Compile times are quite high right now, but the solves themselves are comparable to manual semidiscretization, so still useful for parameter sweeps, ensembles and optimization problems.
Changes are coming which will improve compile times by a lot.

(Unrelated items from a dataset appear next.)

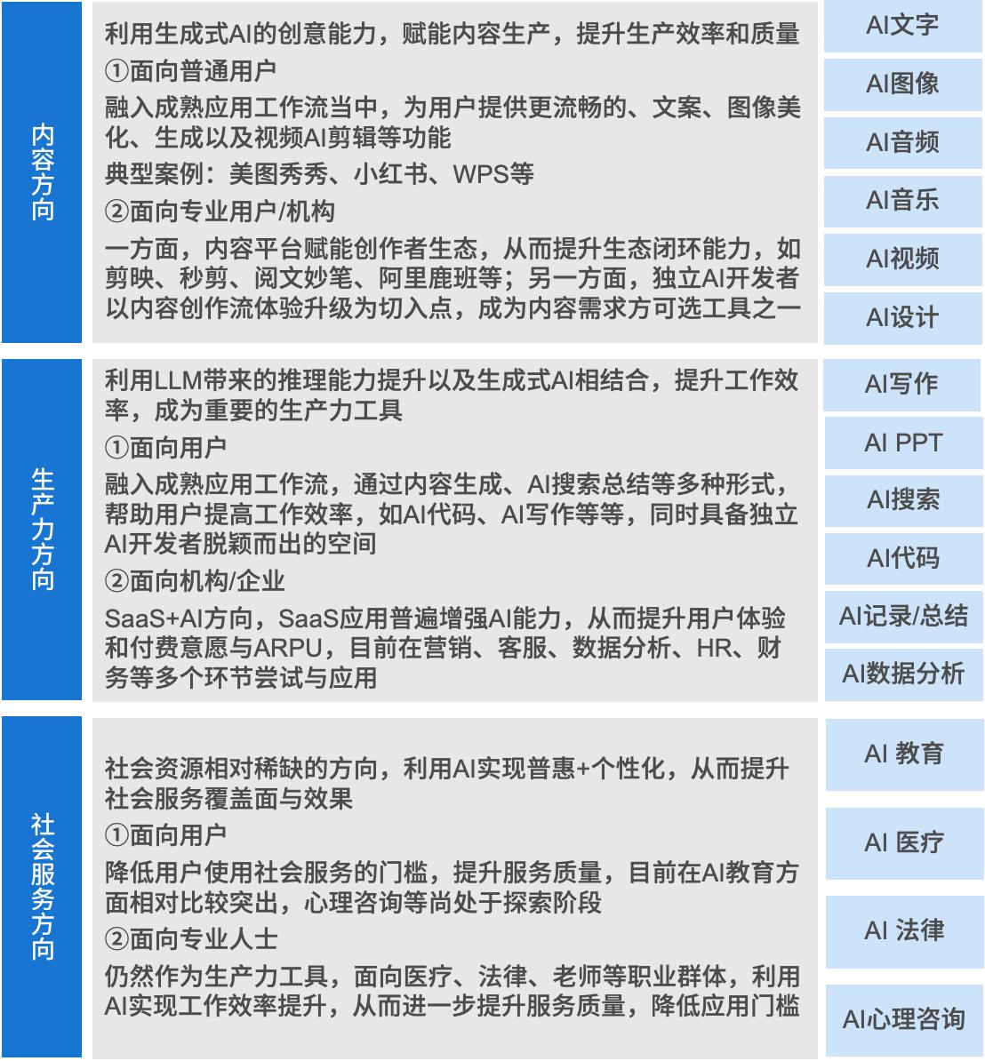 在 LLM 驱动的 AI 应用环节,涌现出各种细分方向与产品,通过海量用户推广、培养用户习惯、提升用户粘性等方式验证产品 PMF,论证赛道核心价值。总体上而言,经过 2023-2024 年的多元化探索,如下三个方向基本在一定程度上验证,并有望持续扩大用户规模,进而实现用户付费与转化。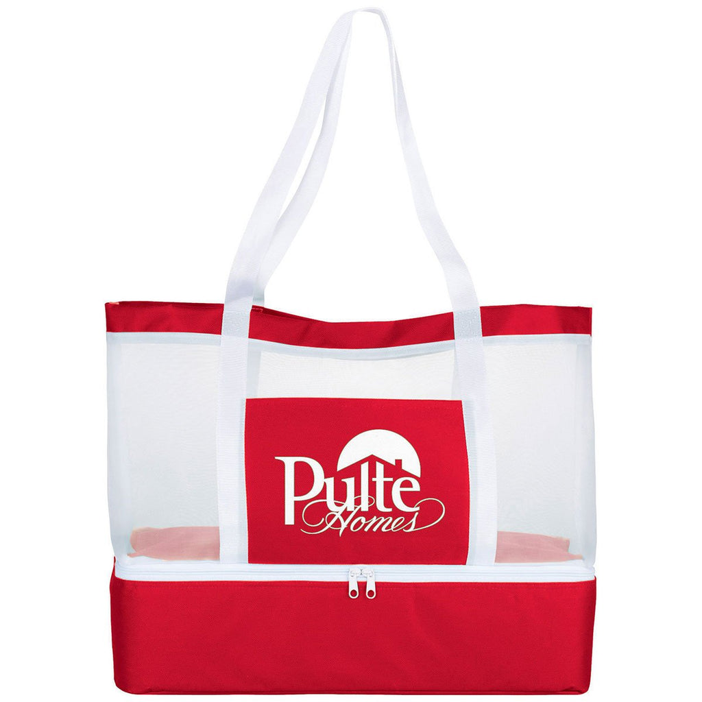 The Bullet Red Mesh Outdoor 12-Can Cooler Tote can be a sharp promotional item with your company logo standing out against the mesh background. Whether you hand it out as an employee gift or at recruiting events, this logoed bag will draw a lot of eyes to your company name. The minimum order for this product is 50 pieces.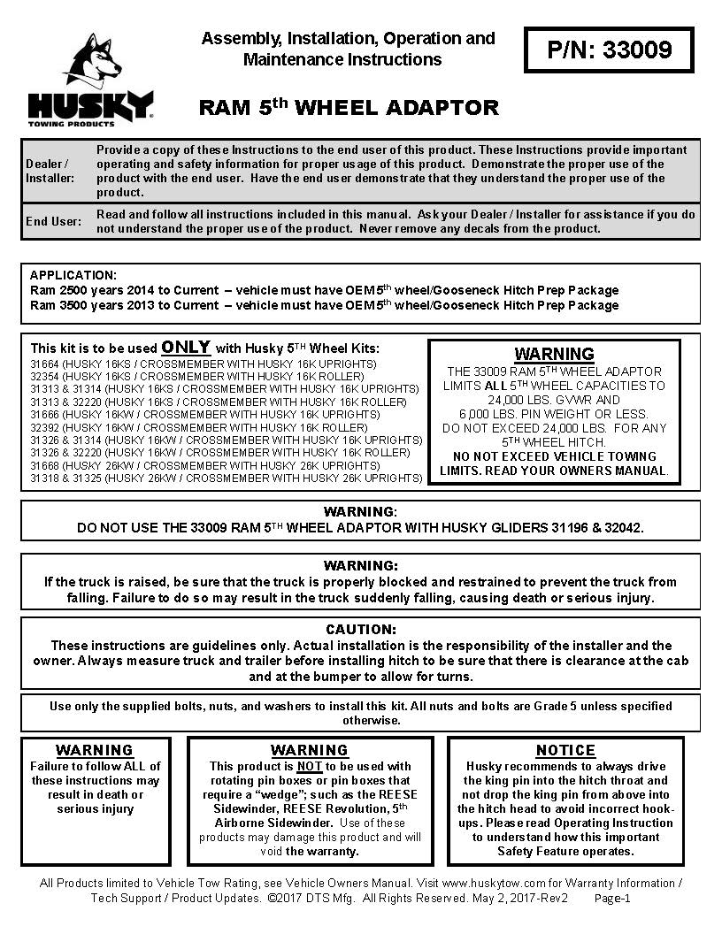 Husky Puck System 5th Wheel Adapter - 33009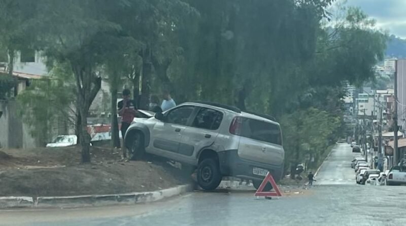 Um Fiat Uno de cor prata chocou-se contra uma árvore no canteiro central da avenida.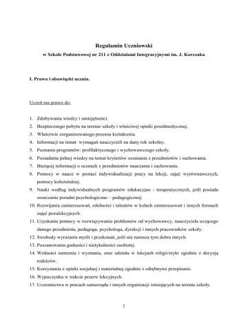 Regulamin Uczniowski - Szkoła Podstawowa nr 211 z Oddziałami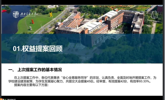 大会第二项议程为回顾权益提案。王娜同学表示,在前期提案工作中,各位代表秉承“全心全意服务同学”的宗旨,积极开展提案工作,为学校建设建言献策,为员工发展凝心聚力,共提交大会提案45份。经审查,有效提案42份,有效率93.33%。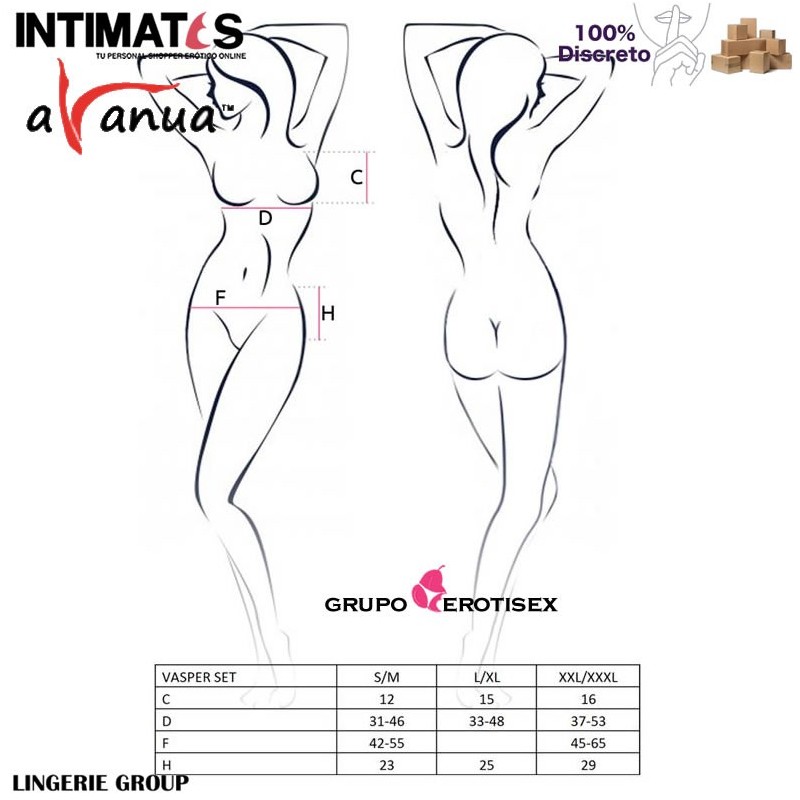 Vasper es un sexy, sensual y picante set negro que incluye sujetador, liguero y tanga.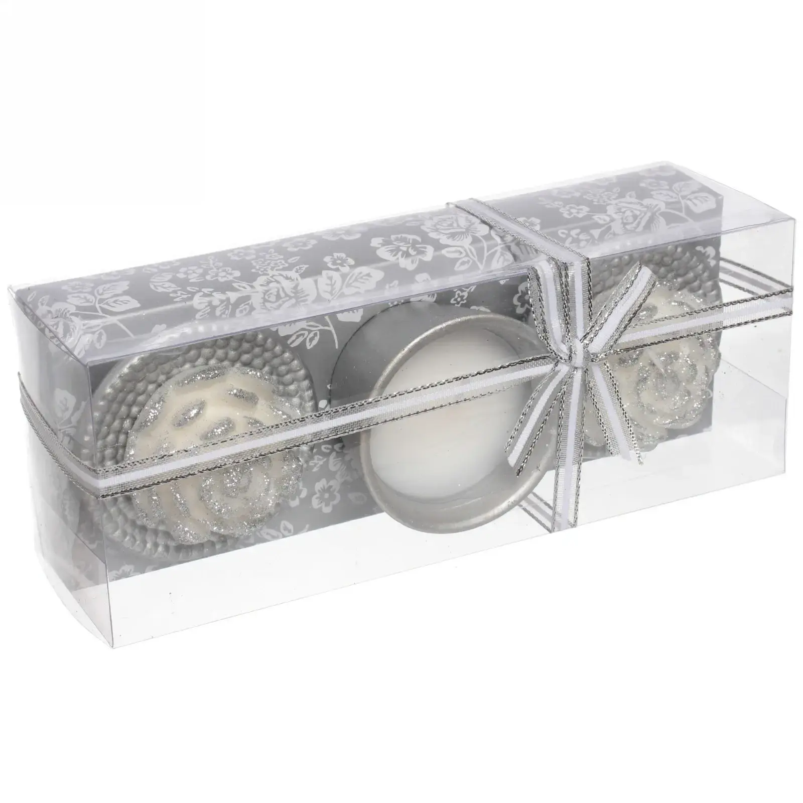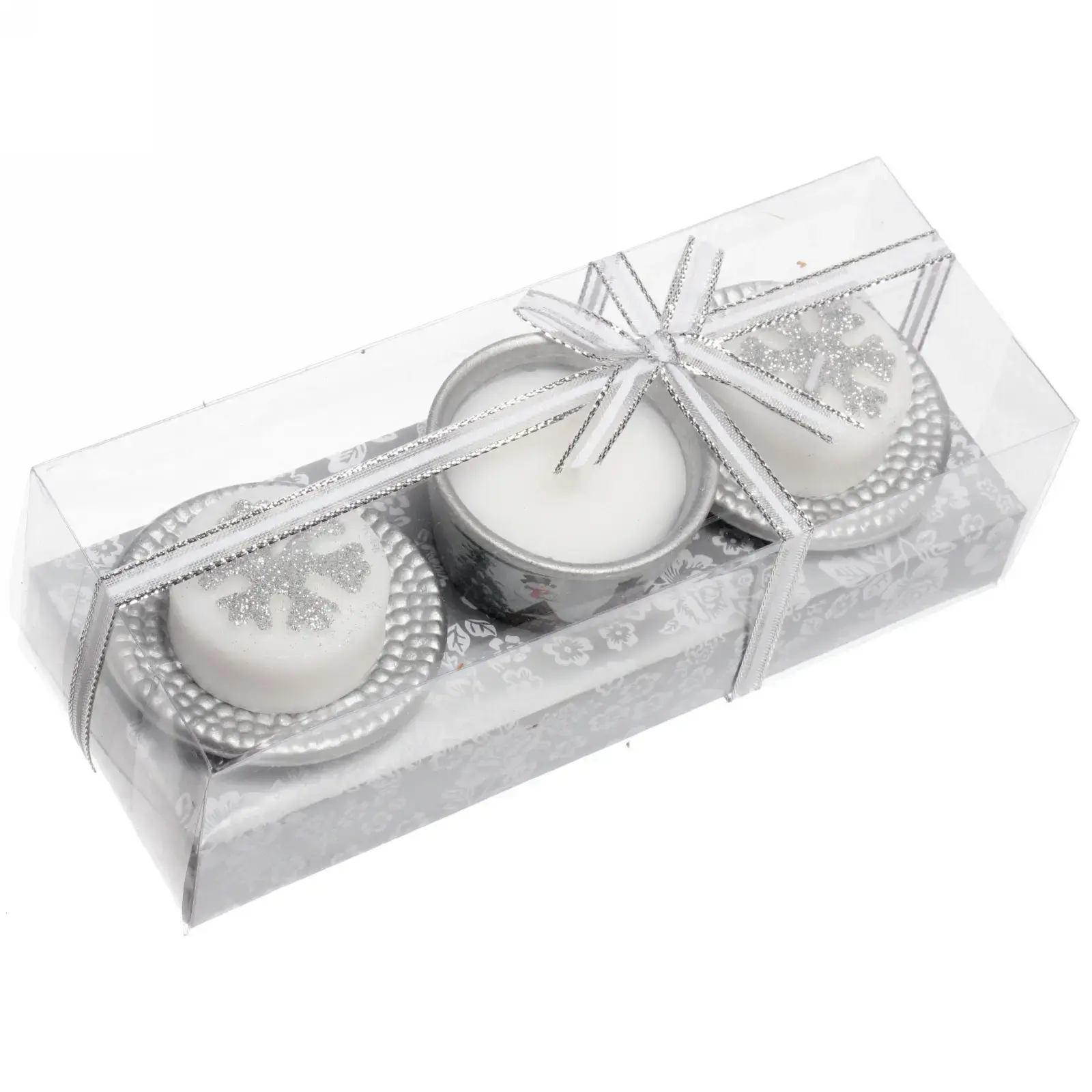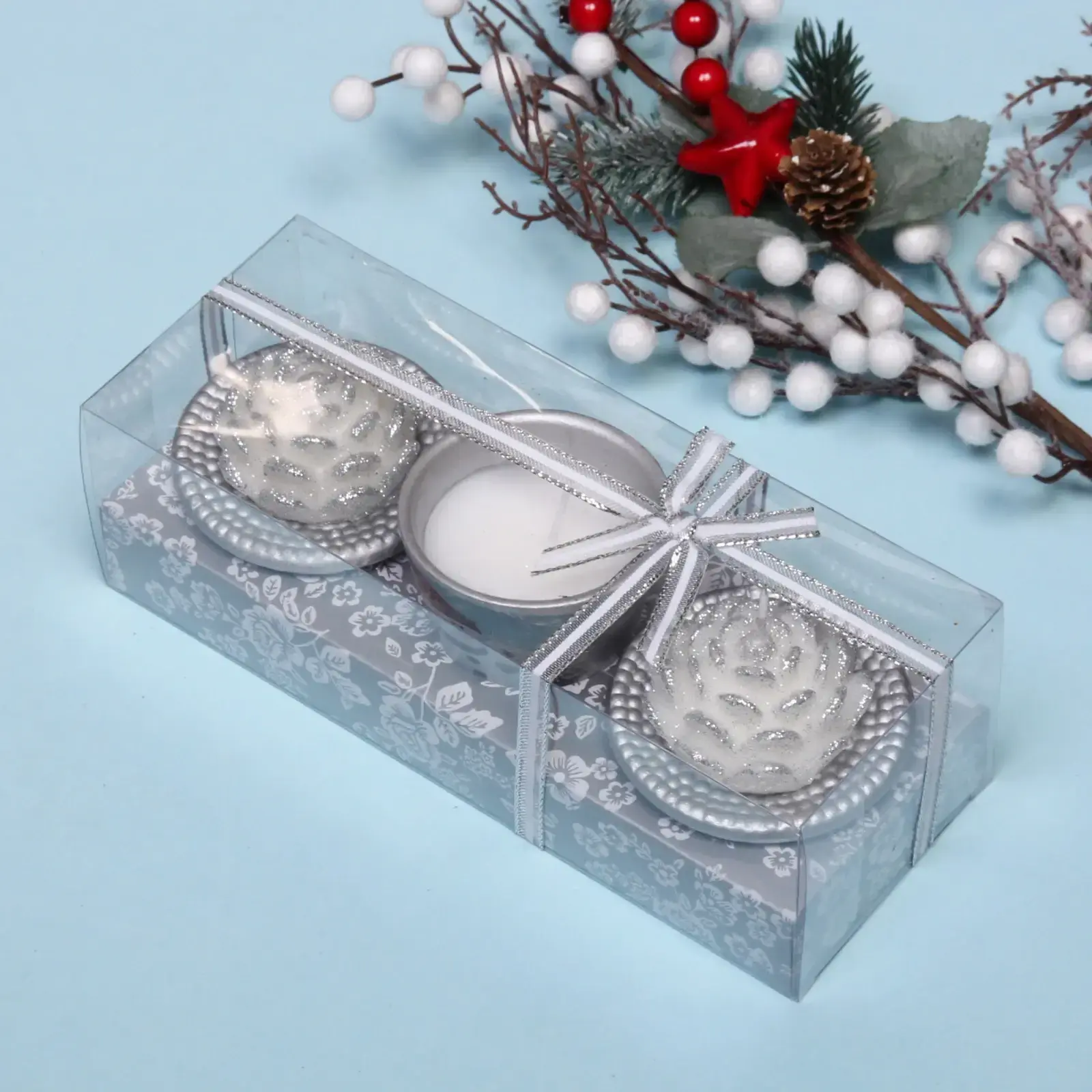 Комплектация включает три тематические свечи, каждая из которых имеет уникальный дизайн серебристых элементов. Металлический подсвечник в наборе выполняет двойную функцию: защищает поверхность от воска и служит стильным аксессуаром.

Thank you, I am more or less aware of the beauty the usage of MethodOfLines and ModelingToolkit offers, and I will definitely make use of them, when (if) I make the decision to use Julia in professional and productive settings. I am currently evaluating this.
For that reason, I wanted to get a feeling how much the performance of above codes can be pushed with some effort in coding.